The extant monastery buildings were build in different times to meet the need of the encreasing number of monks. Some of these buildings were build by the donations of the Roman and Byzantine Emperrors like Honorius, Arcadius, Theodosius II and Anastasius. Now the monastery consist of two parts: the lower historic and the upper new annexes added in the last half-century.
- Names of the monastery
- The Main Church
- The Dome of Theodora
- The Church of Virgin Mary
- Beth Qadishe (The Crypt)
- Information for tourists
- Photo gallery
Names of the monastery
This monastery has been known in a different names during the course of its history. It was first known as “Umro d Mor Shmuel w Mor Shemun” (The monastery of St. Samuel and St. Simon) after the names of its two founders. A shortened Syriac version of this name is also used i.e. Dayro d’Umro or Deyrulumur.
The monastery is also referred to as the Monastery of Kartmin after the nearby Assyrian village of Kartmin. However, after early 8th century we see it being called ofter as the Monastery of Mor Gabriel after St. Gabriel (d. 667) who was the bishop of Tur-Abdin and one of the most famous saints of this place for his ascetic life.
The Main Church
According to the founding story of the Monastery of Mor Gabriel, the Sons of Shufnai, Theodore and Theodosius build the Main Church in 512, with the generous donations by Anastasius, the Byzantine Emperor. The mosaics in the ceiling and on the floor of the altar represent but very little of its splended past.

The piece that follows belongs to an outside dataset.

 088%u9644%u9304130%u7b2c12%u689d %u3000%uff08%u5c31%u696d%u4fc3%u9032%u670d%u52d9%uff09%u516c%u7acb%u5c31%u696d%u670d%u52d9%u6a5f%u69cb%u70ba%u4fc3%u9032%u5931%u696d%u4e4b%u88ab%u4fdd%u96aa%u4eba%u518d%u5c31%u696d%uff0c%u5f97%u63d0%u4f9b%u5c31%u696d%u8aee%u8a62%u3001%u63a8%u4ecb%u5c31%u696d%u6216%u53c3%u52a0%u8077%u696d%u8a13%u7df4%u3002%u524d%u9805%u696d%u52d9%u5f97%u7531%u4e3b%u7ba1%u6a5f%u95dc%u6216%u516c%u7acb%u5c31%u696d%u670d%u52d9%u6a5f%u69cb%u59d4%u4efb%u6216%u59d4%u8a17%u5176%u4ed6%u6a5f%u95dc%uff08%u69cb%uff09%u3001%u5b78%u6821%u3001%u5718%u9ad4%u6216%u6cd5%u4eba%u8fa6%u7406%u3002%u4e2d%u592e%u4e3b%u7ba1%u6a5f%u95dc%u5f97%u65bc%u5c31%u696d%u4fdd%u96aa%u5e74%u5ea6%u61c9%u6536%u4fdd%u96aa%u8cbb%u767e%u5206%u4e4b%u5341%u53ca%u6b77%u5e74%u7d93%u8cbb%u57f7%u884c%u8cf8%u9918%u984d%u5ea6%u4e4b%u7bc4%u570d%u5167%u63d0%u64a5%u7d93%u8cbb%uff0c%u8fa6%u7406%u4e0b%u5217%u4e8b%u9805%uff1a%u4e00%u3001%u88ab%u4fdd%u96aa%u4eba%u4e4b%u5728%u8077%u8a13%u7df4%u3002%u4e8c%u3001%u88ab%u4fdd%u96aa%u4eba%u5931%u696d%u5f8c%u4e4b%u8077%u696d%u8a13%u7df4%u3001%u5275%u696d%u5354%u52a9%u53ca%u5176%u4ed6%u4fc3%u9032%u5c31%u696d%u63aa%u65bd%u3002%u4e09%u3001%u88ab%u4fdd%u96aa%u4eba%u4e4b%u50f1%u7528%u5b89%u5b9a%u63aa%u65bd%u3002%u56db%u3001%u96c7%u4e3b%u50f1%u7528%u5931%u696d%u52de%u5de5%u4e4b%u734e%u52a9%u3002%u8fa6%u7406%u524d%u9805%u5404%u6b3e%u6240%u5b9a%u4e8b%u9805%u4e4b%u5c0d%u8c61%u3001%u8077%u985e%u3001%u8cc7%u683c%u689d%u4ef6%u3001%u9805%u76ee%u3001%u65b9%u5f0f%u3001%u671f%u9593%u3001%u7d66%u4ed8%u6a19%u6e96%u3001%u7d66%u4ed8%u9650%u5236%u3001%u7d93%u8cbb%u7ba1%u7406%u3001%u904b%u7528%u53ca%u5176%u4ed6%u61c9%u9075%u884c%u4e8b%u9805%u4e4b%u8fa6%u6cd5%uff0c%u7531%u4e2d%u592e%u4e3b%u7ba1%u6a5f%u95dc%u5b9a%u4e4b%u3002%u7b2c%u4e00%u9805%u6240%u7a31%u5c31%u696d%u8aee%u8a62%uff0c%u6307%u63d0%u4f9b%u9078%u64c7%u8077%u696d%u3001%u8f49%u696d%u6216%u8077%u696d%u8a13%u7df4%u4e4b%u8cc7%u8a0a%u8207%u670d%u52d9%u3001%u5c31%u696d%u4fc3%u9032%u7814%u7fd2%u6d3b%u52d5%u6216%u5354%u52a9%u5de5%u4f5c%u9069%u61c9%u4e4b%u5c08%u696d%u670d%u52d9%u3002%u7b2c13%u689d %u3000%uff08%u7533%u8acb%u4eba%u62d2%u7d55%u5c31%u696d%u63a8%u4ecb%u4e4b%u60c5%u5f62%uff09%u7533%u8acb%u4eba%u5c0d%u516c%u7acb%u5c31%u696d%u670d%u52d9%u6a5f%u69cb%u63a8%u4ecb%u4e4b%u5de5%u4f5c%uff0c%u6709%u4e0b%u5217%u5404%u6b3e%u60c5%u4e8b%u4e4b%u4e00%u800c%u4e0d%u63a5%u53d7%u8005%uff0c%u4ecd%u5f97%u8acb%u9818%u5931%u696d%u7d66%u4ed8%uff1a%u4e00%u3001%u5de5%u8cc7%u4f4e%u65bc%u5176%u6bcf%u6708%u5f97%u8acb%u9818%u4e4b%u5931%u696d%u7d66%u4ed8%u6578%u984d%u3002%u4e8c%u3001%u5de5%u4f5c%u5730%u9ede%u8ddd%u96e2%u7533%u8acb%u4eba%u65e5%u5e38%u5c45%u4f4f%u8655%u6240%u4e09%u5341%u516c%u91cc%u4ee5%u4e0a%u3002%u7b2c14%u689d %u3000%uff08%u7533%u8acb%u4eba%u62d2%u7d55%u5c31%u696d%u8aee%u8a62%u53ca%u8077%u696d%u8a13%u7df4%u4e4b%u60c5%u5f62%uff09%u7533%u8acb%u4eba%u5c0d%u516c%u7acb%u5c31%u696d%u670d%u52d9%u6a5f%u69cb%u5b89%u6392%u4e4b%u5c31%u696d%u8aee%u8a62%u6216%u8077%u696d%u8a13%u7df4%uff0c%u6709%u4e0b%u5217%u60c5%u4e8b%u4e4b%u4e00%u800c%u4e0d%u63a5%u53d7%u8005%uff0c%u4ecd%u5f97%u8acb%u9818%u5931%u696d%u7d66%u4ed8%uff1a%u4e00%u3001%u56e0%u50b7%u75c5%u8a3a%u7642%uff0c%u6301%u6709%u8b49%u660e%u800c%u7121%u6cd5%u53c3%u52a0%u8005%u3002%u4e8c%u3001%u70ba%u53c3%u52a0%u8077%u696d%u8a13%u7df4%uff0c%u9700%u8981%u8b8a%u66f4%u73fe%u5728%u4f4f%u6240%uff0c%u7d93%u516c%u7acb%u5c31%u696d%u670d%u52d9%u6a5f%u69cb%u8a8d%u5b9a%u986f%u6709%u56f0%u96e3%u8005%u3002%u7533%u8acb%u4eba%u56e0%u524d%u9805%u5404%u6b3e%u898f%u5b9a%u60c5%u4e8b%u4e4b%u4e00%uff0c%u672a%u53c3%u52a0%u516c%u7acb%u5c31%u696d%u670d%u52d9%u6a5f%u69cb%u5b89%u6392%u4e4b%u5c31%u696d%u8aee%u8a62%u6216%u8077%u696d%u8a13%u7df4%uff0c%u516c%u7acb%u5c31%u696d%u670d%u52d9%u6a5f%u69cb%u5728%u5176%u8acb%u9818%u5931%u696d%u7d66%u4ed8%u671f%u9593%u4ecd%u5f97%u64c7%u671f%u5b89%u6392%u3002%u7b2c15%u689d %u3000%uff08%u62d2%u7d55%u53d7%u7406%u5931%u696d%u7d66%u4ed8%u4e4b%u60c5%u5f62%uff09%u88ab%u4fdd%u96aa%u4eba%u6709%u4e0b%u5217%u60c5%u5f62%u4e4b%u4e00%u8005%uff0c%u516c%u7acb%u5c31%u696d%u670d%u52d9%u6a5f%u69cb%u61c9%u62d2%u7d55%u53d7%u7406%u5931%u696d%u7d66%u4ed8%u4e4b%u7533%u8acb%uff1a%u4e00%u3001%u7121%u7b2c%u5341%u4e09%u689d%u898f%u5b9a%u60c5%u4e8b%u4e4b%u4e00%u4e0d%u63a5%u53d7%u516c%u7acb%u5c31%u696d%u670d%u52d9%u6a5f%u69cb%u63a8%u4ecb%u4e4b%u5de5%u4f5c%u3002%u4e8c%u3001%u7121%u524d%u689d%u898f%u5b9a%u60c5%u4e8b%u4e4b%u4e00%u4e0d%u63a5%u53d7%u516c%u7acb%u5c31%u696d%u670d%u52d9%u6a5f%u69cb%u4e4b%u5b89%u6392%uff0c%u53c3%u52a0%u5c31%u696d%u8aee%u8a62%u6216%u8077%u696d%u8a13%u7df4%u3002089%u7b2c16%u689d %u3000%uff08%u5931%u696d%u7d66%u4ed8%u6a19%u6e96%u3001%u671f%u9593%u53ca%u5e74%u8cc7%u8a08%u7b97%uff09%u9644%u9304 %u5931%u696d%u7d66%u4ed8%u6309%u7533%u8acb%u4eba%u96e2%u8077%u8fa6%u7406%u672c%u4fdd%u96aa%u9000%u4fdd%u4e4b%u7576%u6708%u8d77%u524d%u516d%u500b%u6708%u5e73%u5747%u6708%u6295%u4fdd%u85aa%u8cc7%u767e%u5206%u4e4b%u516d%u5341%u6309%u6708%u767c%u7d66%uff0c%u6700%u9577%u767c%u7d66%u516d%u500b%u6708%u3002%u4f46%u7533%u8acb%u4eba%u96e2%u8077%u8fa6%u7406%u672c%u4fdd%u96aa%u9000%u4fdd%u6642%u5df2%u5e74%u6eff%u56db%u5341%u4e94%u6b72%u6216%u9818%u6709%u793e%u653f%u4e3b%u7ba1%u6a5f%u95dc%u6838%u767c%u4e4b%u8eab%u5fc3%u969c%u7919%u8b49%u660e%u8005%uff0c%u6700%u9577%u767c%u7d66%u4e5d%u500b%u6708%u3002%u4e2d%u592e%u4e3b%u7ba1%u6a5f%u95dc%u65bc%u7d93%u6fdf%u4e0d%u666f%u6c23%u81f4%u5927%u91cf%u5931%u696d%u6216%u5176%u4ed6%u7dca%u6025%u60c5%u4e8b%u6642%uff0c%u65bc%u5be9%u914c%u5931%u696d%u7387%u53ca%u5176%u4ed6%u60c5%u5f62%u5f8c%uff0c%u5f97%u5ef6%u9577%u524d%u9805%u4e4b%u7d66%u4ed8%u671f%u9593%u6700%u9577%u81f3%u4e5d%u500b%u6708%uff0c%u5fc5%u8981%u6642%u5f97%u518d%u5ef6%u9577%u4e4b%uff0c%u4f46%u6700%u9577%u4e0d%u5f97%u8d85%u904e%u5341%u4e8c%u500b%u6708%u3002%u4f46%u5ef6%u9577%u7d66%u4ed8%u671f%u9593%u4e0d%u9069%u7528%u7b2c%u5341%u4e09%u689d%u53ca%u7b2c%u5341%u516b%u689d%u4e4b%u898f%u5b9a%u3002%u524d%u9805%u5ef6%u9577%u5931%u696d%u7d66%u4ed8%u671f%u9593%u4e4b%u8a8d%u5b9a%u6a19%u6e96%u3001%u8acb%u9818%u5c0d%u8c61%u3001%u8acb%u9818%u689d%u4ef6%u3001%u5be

These mosaics in the altar are one of the finest examples of art of Eastern part of the Early Byzantine Empire. The large stone in the northwest of the church, which is dated to 768/769 was brought there from the old kitchen and was used as a dough trough for some time although its original purpose of use is not known. The church was renovated in 1997.
The Dome of Theodora
The octagonal building which is known as the “Dome of Theodora” was sponsored by Theodora, the daughter of Arcadius in the first half of the 5th century. It was used as a dining room for a long time. The height of the dome of this octagonal building, which is build of stone and bricks, is the same as the height of the vault of the main church.

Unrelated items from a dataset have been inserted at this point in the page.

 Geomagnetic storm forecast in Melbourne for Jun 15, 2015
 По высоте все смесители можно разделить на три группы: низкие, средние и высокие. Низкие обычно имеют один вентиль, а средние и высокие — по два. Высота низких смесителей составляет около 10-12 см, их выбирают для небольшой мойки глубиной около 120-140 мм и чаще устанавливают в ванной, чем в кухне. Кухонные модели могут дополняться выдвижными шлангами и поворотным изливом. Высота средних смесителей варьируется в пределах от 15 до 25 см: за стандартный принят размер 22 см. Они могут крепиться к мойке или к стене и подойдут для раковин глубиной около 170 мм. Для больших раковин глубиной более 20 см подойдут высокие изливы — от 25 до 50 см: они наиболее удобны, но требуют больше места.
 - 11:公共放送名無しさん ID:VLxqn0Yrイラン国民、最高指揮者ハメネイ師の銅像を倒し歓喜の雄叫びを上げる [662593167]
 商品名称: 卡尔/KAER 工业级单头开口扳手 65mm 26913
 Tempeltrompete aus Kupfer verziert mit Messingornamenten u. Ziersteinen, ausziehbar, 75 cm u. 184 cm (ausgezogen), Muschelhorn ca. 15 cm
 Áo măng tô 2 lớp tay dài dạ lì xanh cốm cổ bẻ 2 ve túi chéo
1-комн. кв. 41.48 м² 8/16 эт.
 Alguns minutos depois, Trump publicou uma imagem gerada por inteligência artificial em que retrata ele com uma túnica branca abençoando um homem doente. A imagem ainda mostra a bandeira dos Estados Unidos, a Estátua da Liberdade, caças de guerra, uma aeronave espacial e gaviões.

The building next to the “Dome of Theodora” is known as the “Old Kitchen”. The date of the building, which is carefully laid with bricks, goes back to the same period as the “Dome of Theodora”. It was used as a kitchen for a long time.
The Church of Virgin Mary
This church was probably build in the 6th century. It was greatly damaged as a result of the attacks and spoil the monastery suffered at different times. The Church of Virgin Mary that was in danger of collapsing was fully renovated in 1991 and was preserved in the present state. The paintings of Christ on the walls were done in 1992.
Beth Qadishe (The Crypt)
The Crypt also known as Beth Qadishe i.e. the House of Saints is a place where over 12 000 relics of saints and martyrs were buried. The upper building of the monastery were build in the last half-century and are the residence of the people in the monastery. At the present time around fifteen nuns and two monks are living there occupying separate wings.
Mocastic life is a tradition which the Syrian Orthodox Church has had from the early dates of Christianity. The monks and nuns live a life that is dedicated to the service of God and prayer. A typical day of the monks and nuns in the monastery today is spent with prayer and with the daily work of the monastery.
Thanks to the deep affection and religious commitment the Syriac community has to the monastery. It is through their good relationships and financial contributions beside other benefactors and by the great efforts of His Eminence Mor Timotheos Samuel Aktas, the Archbishop of the Tur-Abdin, that the monastery is restored and preserved.
Information for tourists
The Monastery of Mor Gabriel is open to visitors and tens of thousands of tourists and pilgrims are coming there from all around the world. It is also possible to stay with permission, but the Monastery closed after dark. It is toured with the help of a guide but to find good English speaking guide is a problem.